Every entry that follows should be output exactly, and every image in it left out.
◆ ◆ ◆ ◆
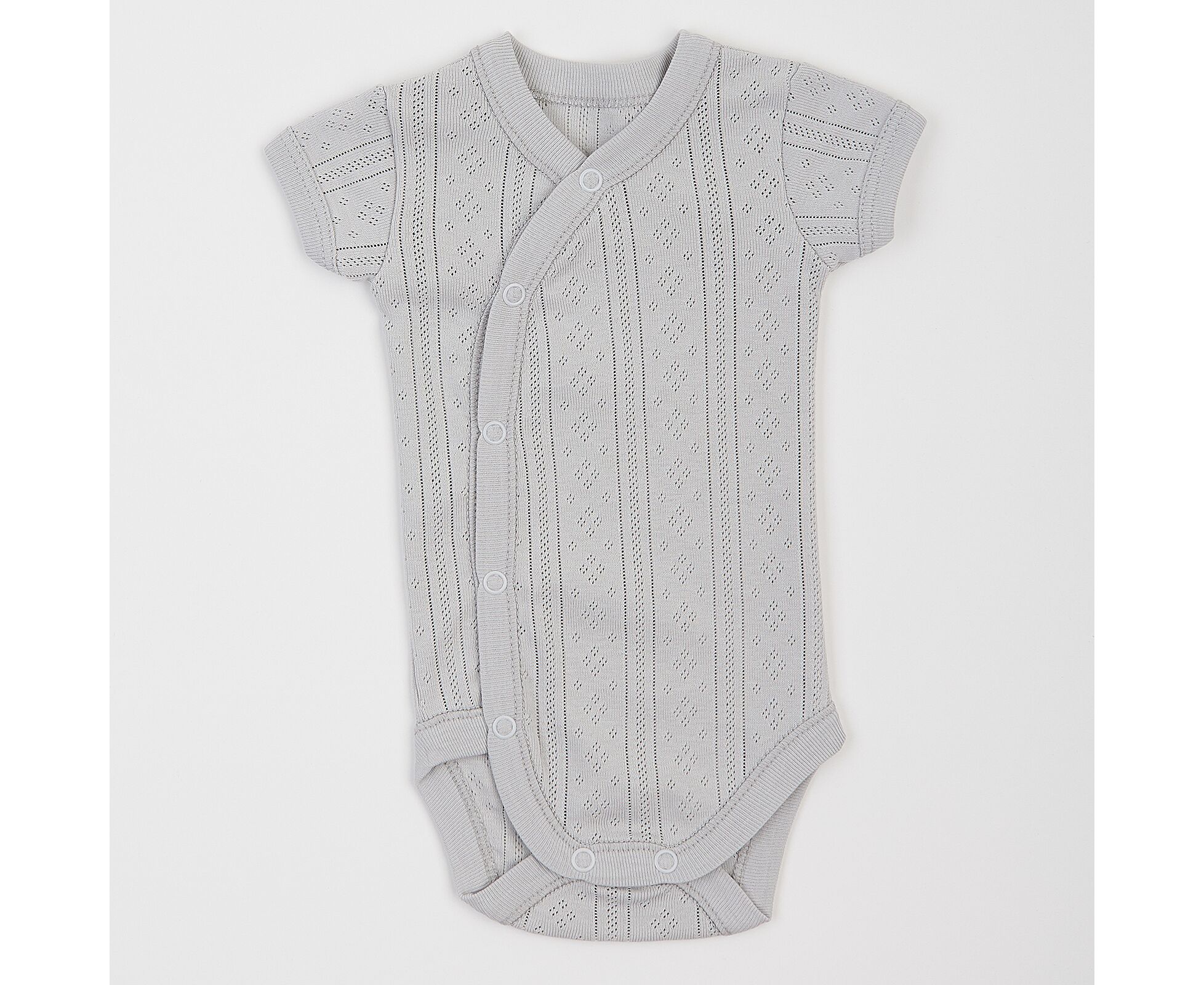 Легкий бодік з коротким рукавом, для новонароджених, з наздвичайно легкої, приємної на дотик, 100% бавовняної трикотажної тканини - ажур. Застбіка асиметрична по переду на кнопки та між ніжками. Всі зрізи та низ рукавів оброблені окантовкою з цієї ж тканини.
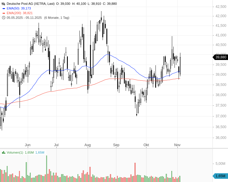 - Deutsche Post AGKursstand: 39,880 € (XETRA) - Zum Zeitpunkt der VeröffentlichungVerkaufenKaufen
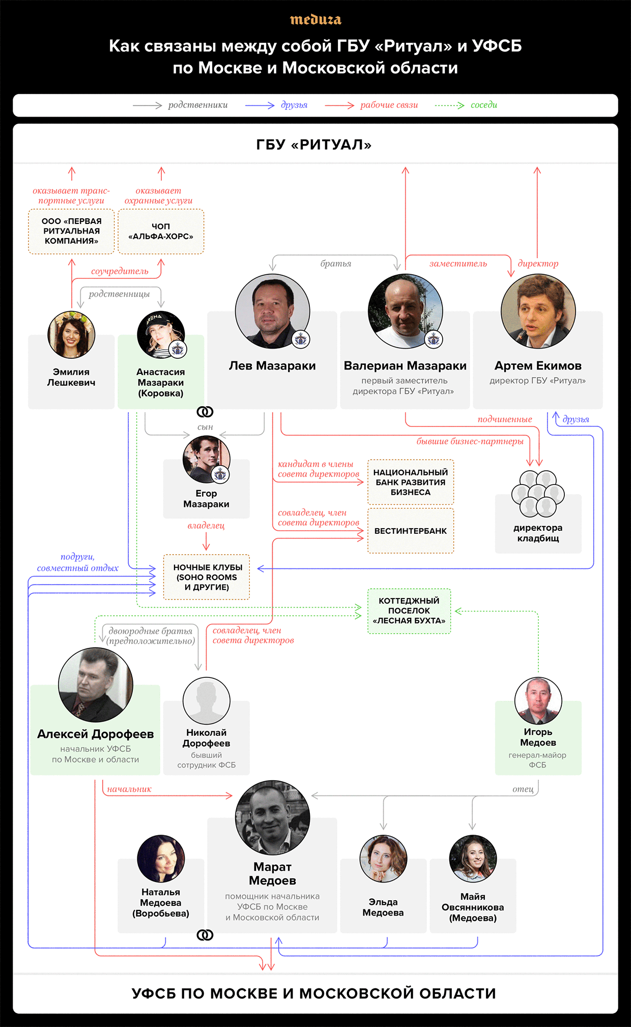 37-летний Марат Медоев (которого источник в окружении Сугробова называл другом Артема Екимова) — личный помощник Алексея Дорофеева. Медоев родился в Ленинграде, но как минимум с начала 2000-х годов живет в Москве, до 2012-го работал в следственном управлении ФСБ. Официально он никогда не занимался бизнесом, но привык покупать дорогие автомобили и мотоциклы. Так, в 2012-м он приобрел новый BMW X5 Drive, а двумя годами позже — мотоцикл BMW R1. Автомобиль, как писал основатель Фонда борьбы с коррупцией Алексей Навальный, Медоев затем продал Валерию Большакову; как выяснила «Медуза», Большаков — начальник отделения транспортного обслуживания ГБУ «Ритуал». Валерий Большаков отказался от комментариев и бросил трубку. Сын Большакова Александр заявил, что отец не знает Марата Медоева, а машину купил по объявлению. При этом Александр Большаков — близкий друг семей Медоевых и Мазараки и часто проводит досуг вместе с ними. Так, например, на свадьбе Большакова-младшего в клубе Soho Rooms присутствовал Валериан Мазараки и жена Марата Медоева Наталья.
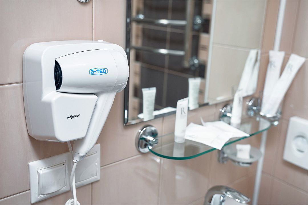 Wi-Fi, кондиционер, светильник, настольные лампы, фен, электронные замки, ванная комната, душевая кабина, халаты, банные полотенца, тапочки, две односпальные или большая двуспальная кровать, тумбы, шкаф для одежды, вешалки, зеркало, обслуживание номеров, информационная карта, меню, чайник, унитаз, раковина, косметическое зеркало, питьевая вода, ковровое покрытие, отопление, кулер на этаже, вид на реку, стаканы, стул, стол, туалетные средства, внутренний телефон, телевизор с плоским экраном, москитная сетка, гостиничная парфюмерия, вид на горы, номер для некурящих, пуфик, общественный бассейн, уборка номера, шапочка для душа, без питомцевВ гостиничном номере
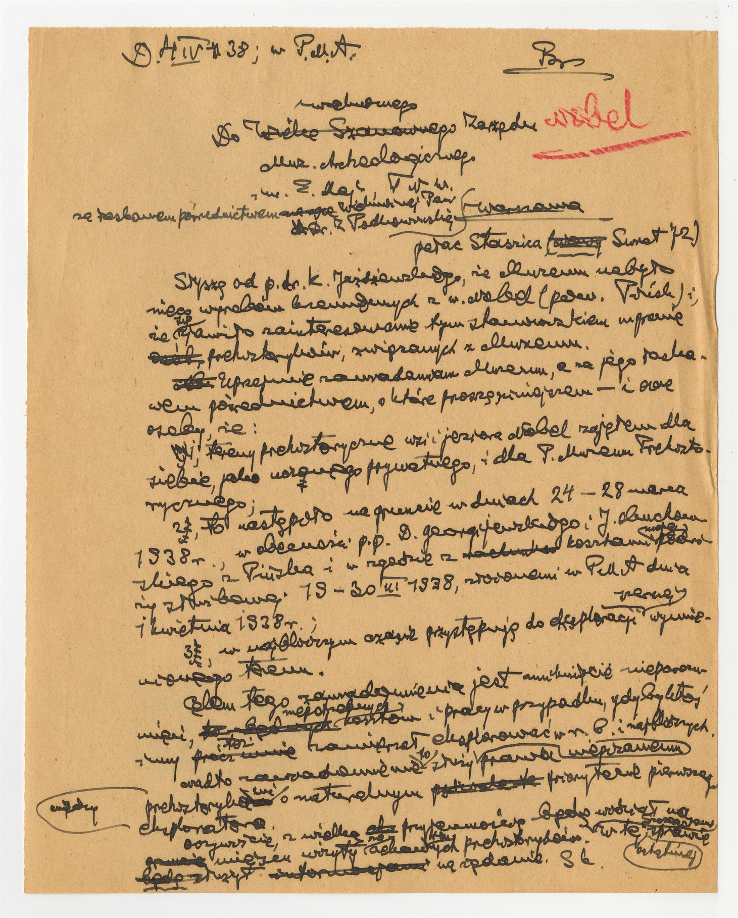 Element 1 - Rękopis - brudnopis listu Stefana Krukowskiego z dnia 4 IV [19]38 roku do Zarządu Muzeum Archeologicznego im. E. Majewskiego
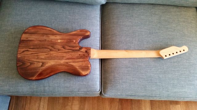 Here's a front and rear pic with the first coat of stain, it's making the grain pop nicely but unfortunately also highlights the fact that there's more than one piece of wood and it's not book matched.
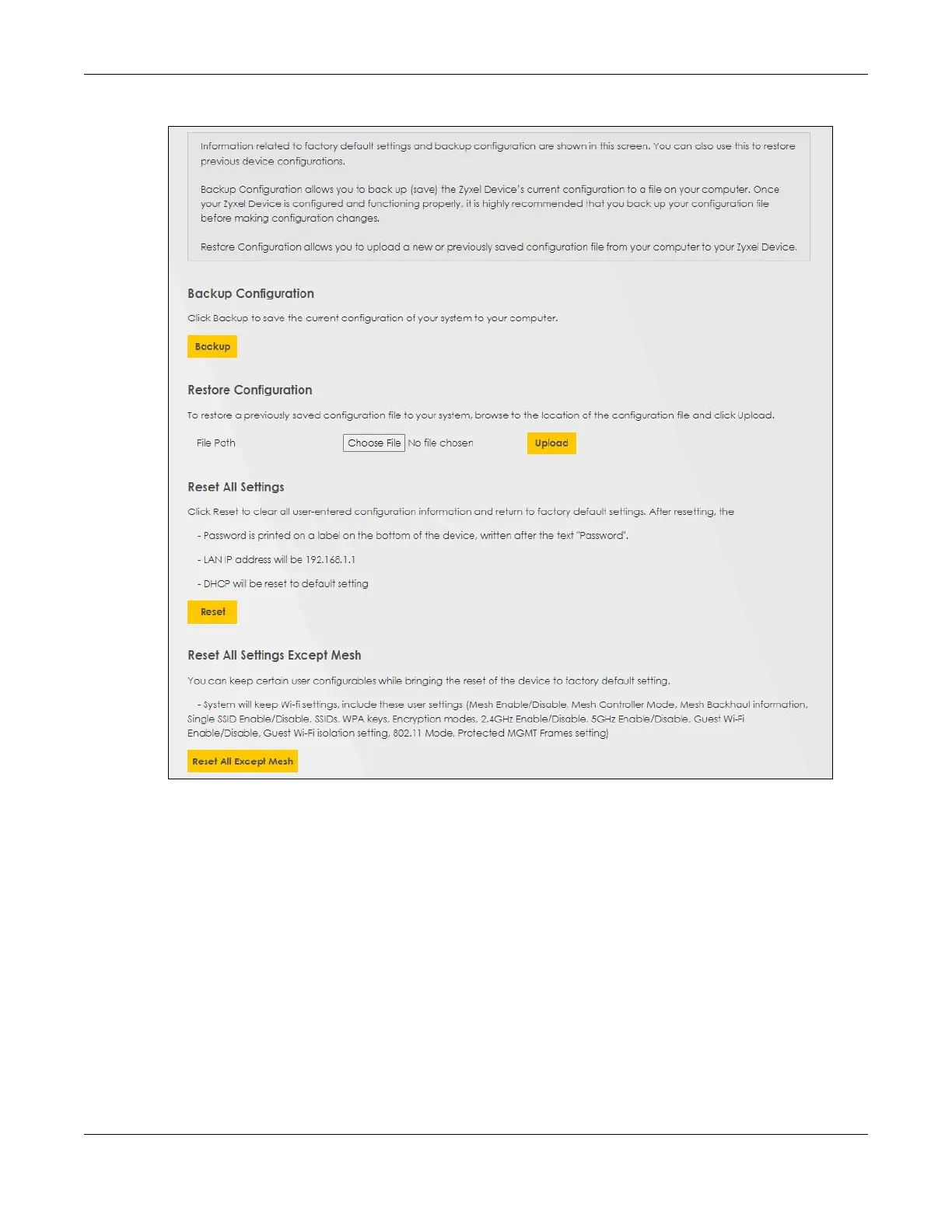 Backup Configuration allows you to back up (save) the Zyxel Device’s current configuration to a file on
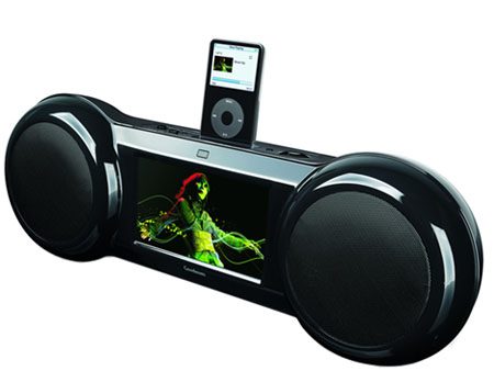 O dock para iPod Goodmans é um boombox com controle remoto, leitor de cartão (3 in 1), display LCD de 7 polegadas. No centro do dock os vídeos e fotos são exibidos. Preço: £89,99.
◆ ◆ ◆ ◆
Written response
 Легкий бодік з коротким рукавом, для новонароджених, з наздвичайно легкої, приємної на дотик, 100% бавовняної трикотажної тканини - ажур. Застбіка асиметрична по переду на кнопки та між ніжками. Всі зрізи та низ рукавів оброблені окантовкою з цієї ж тканини.
 - Deutsche Post AGKursstand: 39,880 € (XETRA) - Zum Zeitpunkt der VeröffentlichungVerkaufenKaufen
 37-летний Марат Медоев (которого источник в окружении Сугробова называл другом Артема Екимова) — личный помощник Алексея Дорофеева. Медоев родился в Ленинграде, но как минимум с начала 2000-х годов живет в Москве, до 2012-го работал в следственном управлении ФСБ. Официально он никогда не занимался бизнесом, но привык покупать дорогие автомобили и мотоциклы. Так, в 2012-м он приобрел новый BMW X5 Drive, а двумя годами позже — мотоцикл BMW R1. Автомобиль, как писал основатель Фонда борьбы с коррупцией Алексей Навальный, Медоев затем продал Валерию Большакову; как выяснила «Медуза», Большаков — начальник отделения транспортного обслуживания ГБУ «Ритуал». Валерий Большаков отказался от комментариев и бросил трубку. Сын Большакова Александр заявил, что отец не знает Марата Медоева, а машину купил по объявлению. При этом Александр Большаков — близкий друг семей Медоевых и Мазараки и часто проводит досуг вместе с ними. Так, например, на свадьбе Большакова-младшего в клубе Soho Rooms присутствовал Валериан Мазараки и жена Марата Медоева Наталья.
 Wi-Fi, кондиционер, светильник, настольные лампы, фен, электронные замки, ванная комната, душевая кабина, халаты, банные полотенца, тапочки, две односпальные или большая двуспальная кровать, тумбы, шкаф для одежды, вешалки, зеркало, обслуживание номеров, информационная карта, меню, чайник, унитаз, раковина, косметическое зеркало, питьевая вода, ковровое покрытие, отопление, кулер на этаже, вид на реку, стаканы, стул, стол, туалетные средства, внутренний телефон, телевизор с плоским экраном, москитная сетка, гостиничная парфюмерия, вид на горы, номер для некурящих, пуфик, общественный бассейн, уборка номера, шапочка для душа, без питомцевВ гостиничном номере
 Element 1 - Rękopis - brudnopis listu Stefana Krukowskiego z dnia 4 IV [19]38 roku do Zarządu Muzeum Archeologicznego im. E. Majewskiego
 Here's a front and rear pic with the first coat of stain, it's making the grain pop nicely but unfortunately also highlights the fact that there's more than one piece of wood and it's not book matched.
 Backup Configuration allows you to back up (save) the Zyxel Device’s current configuration to a file on
 O dock para iPod Goodmans é um boombox com controle remoto, leitor de cartão (3 in 1), display LCD de 7 polegadas. No centro do dock os vídeos e fotos são exibidos. Preço: £89,99.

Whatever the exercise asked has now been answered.